Charity creates training videos to aid detection of baby heart problems

Tiny Tickers has launched a number of videos that will be used by sonographers and health professionals to help detect heart problems in babies during pregnancy scans.

The national charity aims to improve the detection rates of congenital heart defects (CHD) in babies and the videos will be the first in a range of e-training materials which can be accessed free of charge by health professionals when required. It’s hoped they will help the charity’s efforts to increase detection rates of heart problems in babies.


Boosting detection rates

One in every 125 babies is born with a heart problem – that’s more than 3,000 newborns each year in the UK. But fewer than half of those are spotted during pregnancy and, in some parts of the UK, detection rates are as low as one in four.

That means more than 1,000 newborns leave hospitals in the UK every year with no one realising they have a life-threatening heart condition. Tiny Tickers is the only UK-wide charity that works to improve prenatal detection rates of serious heart defects in babies.
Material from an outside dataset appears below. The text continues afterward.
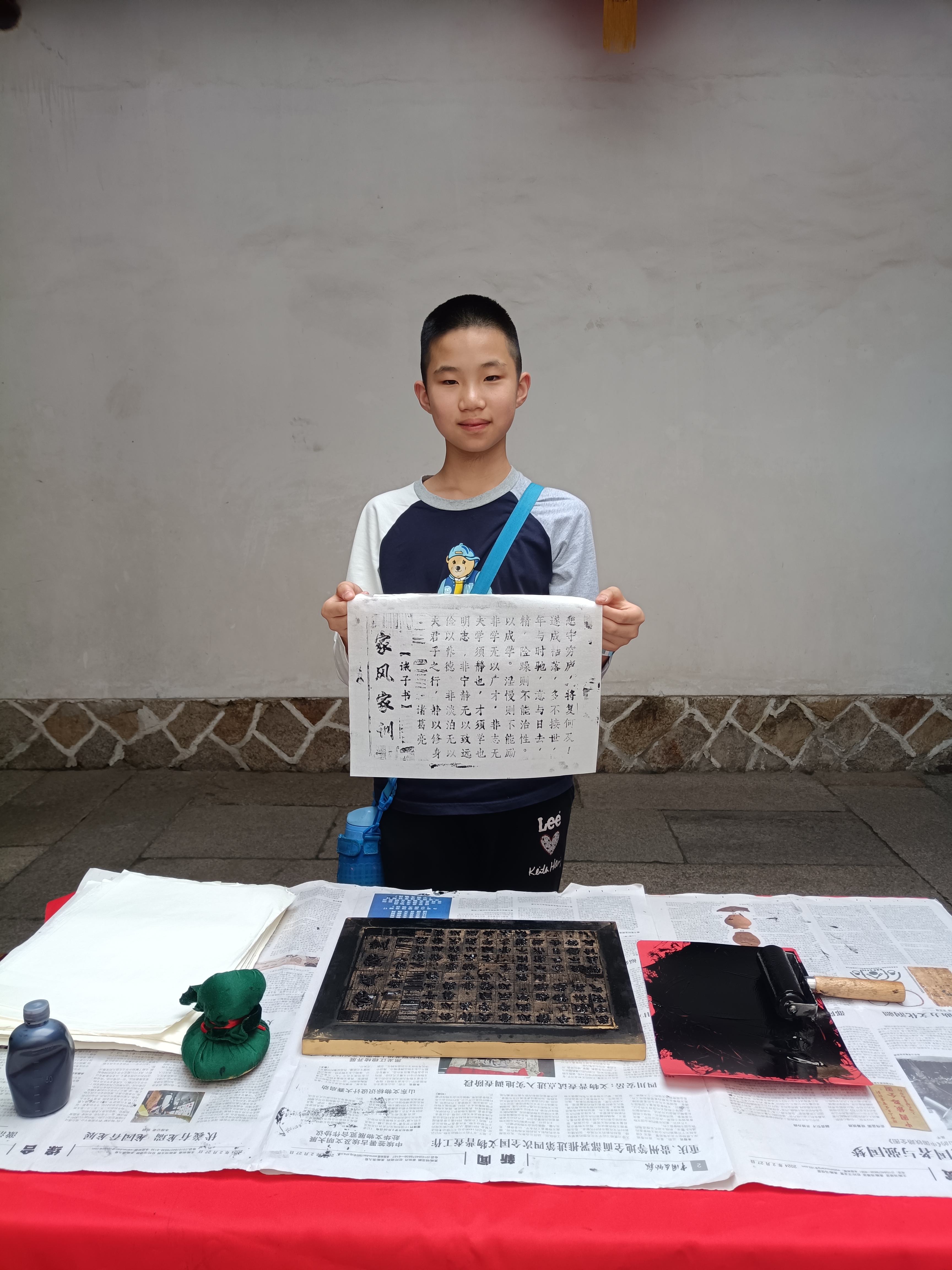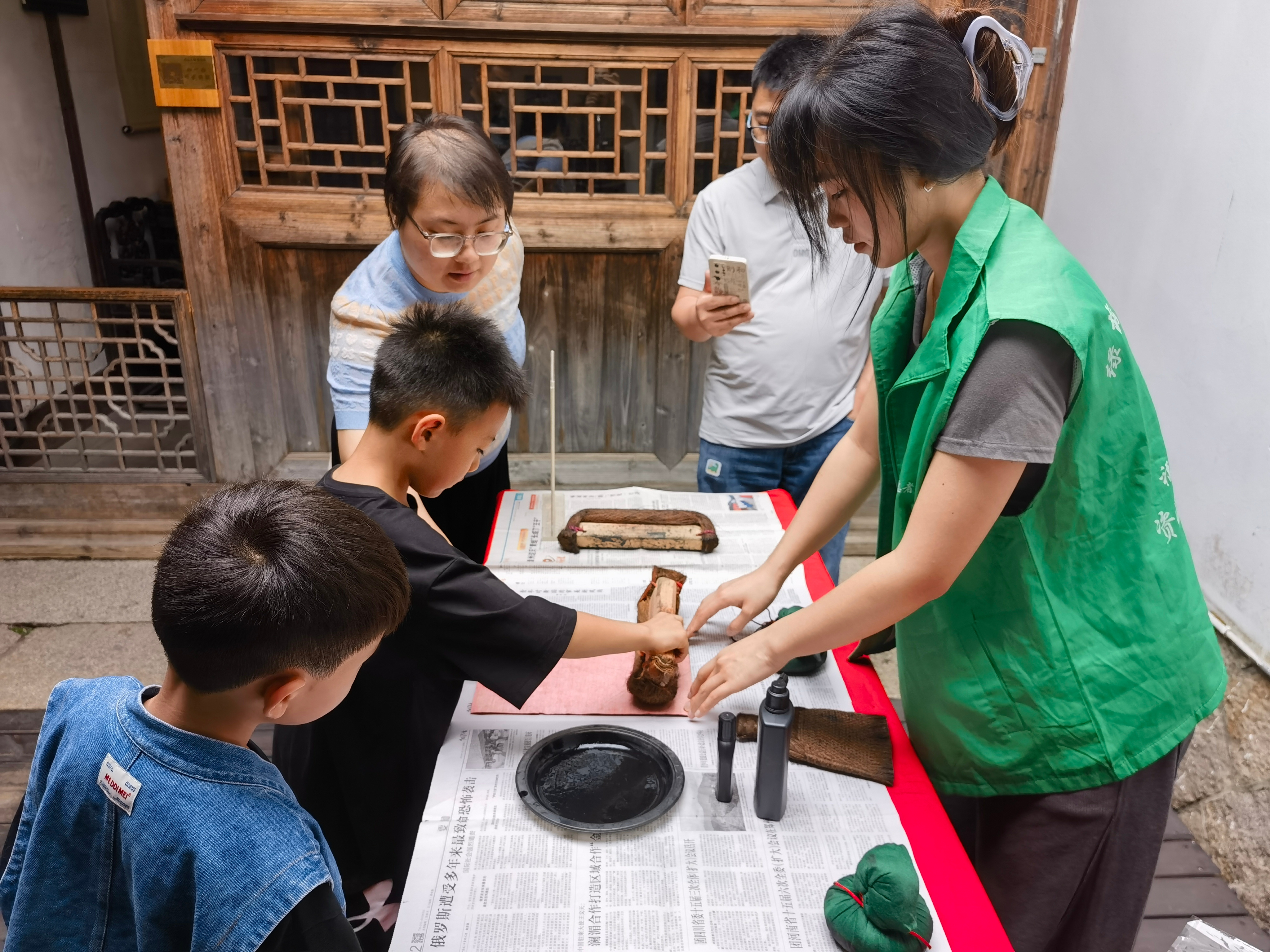 非遗活字印刷体验。非遗活字印刷活动以家风家训为主题,志愿者协助游客通过滚筒将油墨均匀涂抹在活字印刷板上后,将宣纸放在合适的位置上,使印刷内容居中,再用毛刷以适当的力度刷压,取下宣纸后印刷的内容就完美呈现在纸上了,游客们一滚一刷中领略了千年活字印刷的魅力,感受了历史的厚重与艺术的韵味。

A Media Trust production  

The videos will be available for health professionals to view free of charge on the Tiny Tickers website ( Funding for the project has come from the Big Lottery Fund, Sir James Roll Charitable Trust, Souter Charitable Trust, Unum, Land Securities and Smiths Group, and the videos have been produced by the Media Trust.

Jon Arnold, chief executive at Tiny Tickers chief, said: “Detecting a baby’s heart problem early can give them a greater chance of survival, and a higher quality of life in the long-term. With more than 3,000 babies born with congenital heart defects in the UK every year, the impact of early detection is huge.

“The best chance of spotting a defect during pregnancy is at the 20 week scan, and our new range of videos will provide a vital resource for sonographers across the UK by giving them detection tips, scan clips and animated graphics of a range of defects as seen in the heart at 20 weeks.”